In 1318, the successors of the late King Charles of Sicily finally paid assessments owed for many years from the census of the Kingdom of Cilicia. Cardinal Tommaso de Aquila tituli Sanctae Ceciliae presbiter, Ordinis Domini Celestinae pape, was credited with 165 gold ducats (reckoned at five ducats per ounce of gold), 156 florins, 11 solidi and 3 denarii of Tours.

==Bibliography==

- Niccola Palma, Storia ecclesiastica e civili della regione piu settentrionale del Regno di Napoli Volume V (Teramo: Ubaldo Angeletti 1836), pp. 12–14.
- Johann Peter Kirsch, Die FInanzverwaltung des Kardinalkollegiums im XIII. und XIV. Jahrhundert (Münster 1895)
- Francesco Savini, "Il cardinal Tommaso "de Ocra o de Aprutio" e il suo testamento del 1300, Archivio storico Italiano, series V, 22 (Firenze 1898), pp. 87–92.
- Francesco Savini, La contea di Apruzio e i suoi conti (Roma: Forzani 1905), pp. 169–170.
- Paul Maria Baumgarten (1897), "Die Cardinalsernennungen Cälastins V. im September und Oktober 1294," (Stephan Ehses, editor) Festschrift zum elfhundertjährigen Jubiläum des deutschen Campo Santo in Rom (Freiburg im Breisgau: Herder 1897) 161-169.

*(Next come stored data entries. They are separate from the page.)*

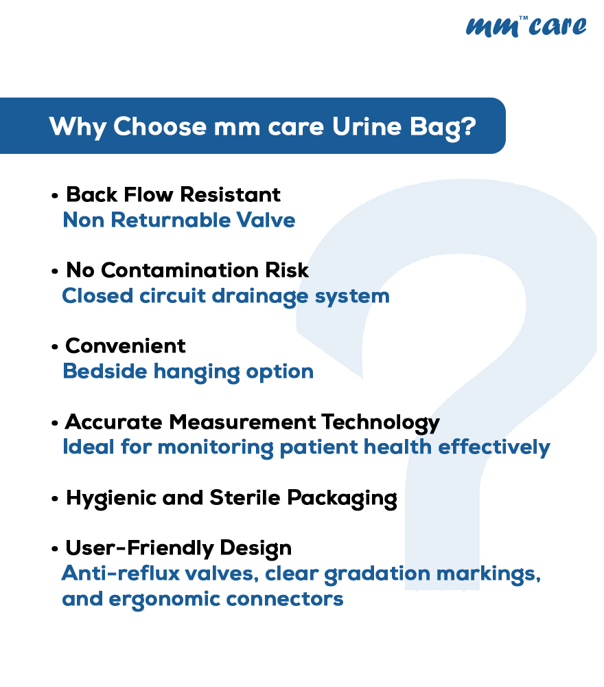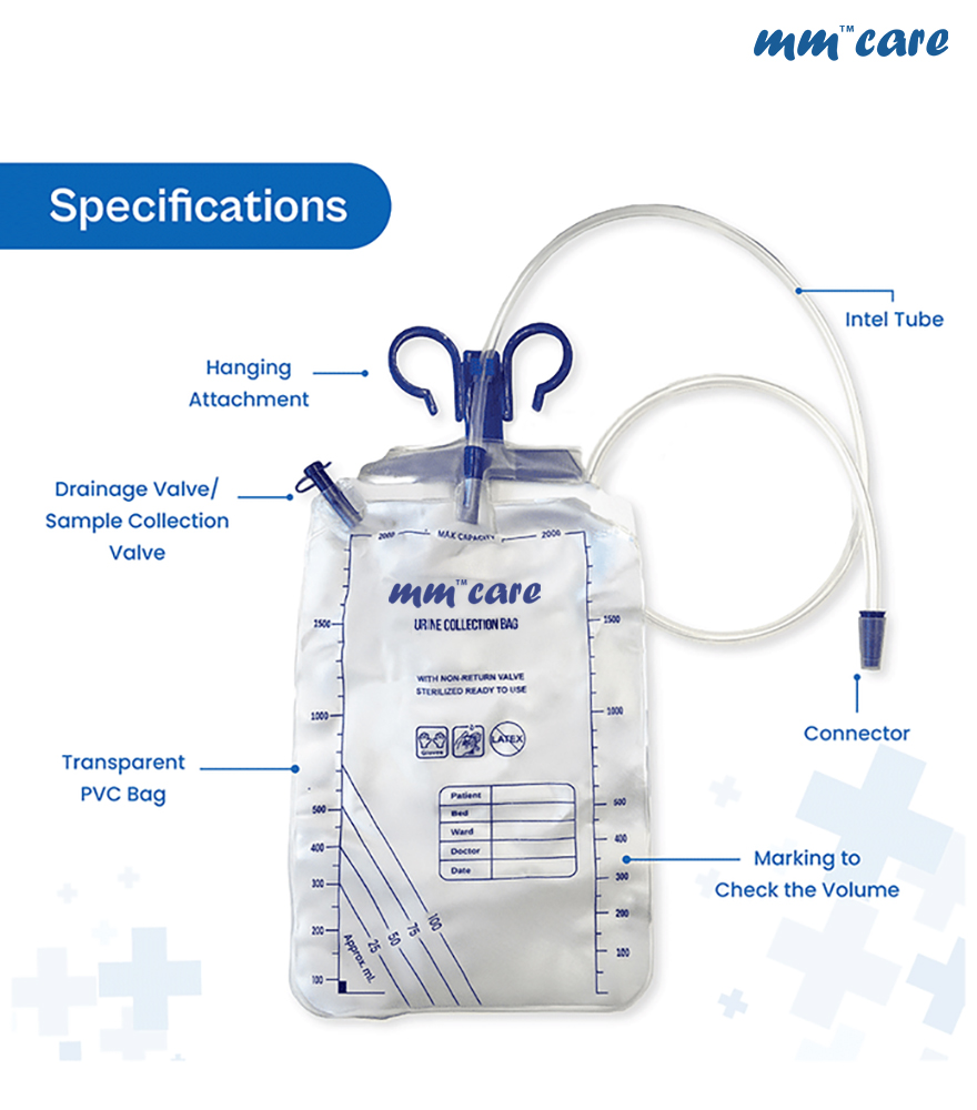 The MM Care™ Urine Collection Bag is a dependable and hygienic urinary drainage solution for patients with mobility limitations, surgical recovery, or chronic incontinence. Designed for ease of use, it features a large 2000 ml capacity, a 90 cm kink-resistant drainage tube, and a leak-proof system to ensure safe, mess-free urine collection in hospital, care home, or home care settings.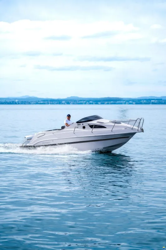 Il DRAGO 665 e la scelta ideale per chi cerca una barca sportiva compatta e completamente equipaggiata con cabina per i laghi svizzeri. La sua larghezza slanciata di soli 2.26 metri la rende il partner perfetto per gli ormeggi stretti, mentre gli interni generosi e la dotazione completa non lasciano nulla a desiderare.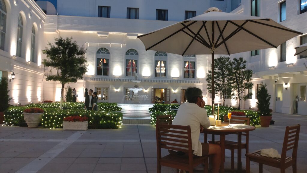 レストランは18時に予約していたので、それまで中庭を楽しみました。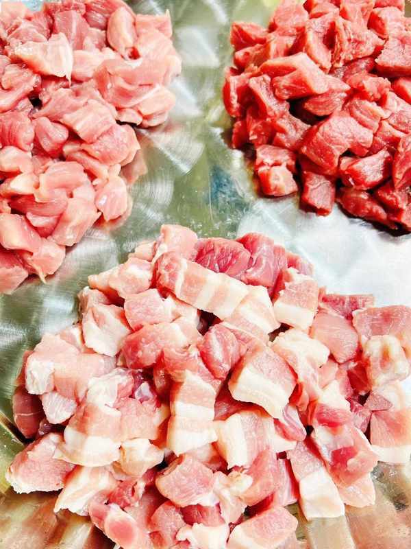 切肉條、肉塊,隨意發揮。烤免醃肉版本,所以切小塊。

- Paul Maria Baumgarten (1898), Untersuchungen und Urkunden über die Camera Collegii Cardinalium für die Zeit von 1295 bis 1437 (Leipzig 1898).
- Georges Digard, Les registres de Boniface VIII Tome I (Paris 1890).
- Ferdinand Gregorovius, History of the City of Rome in the Middle Ages, Volume V, second edition, revised (London: George Bell, 1906).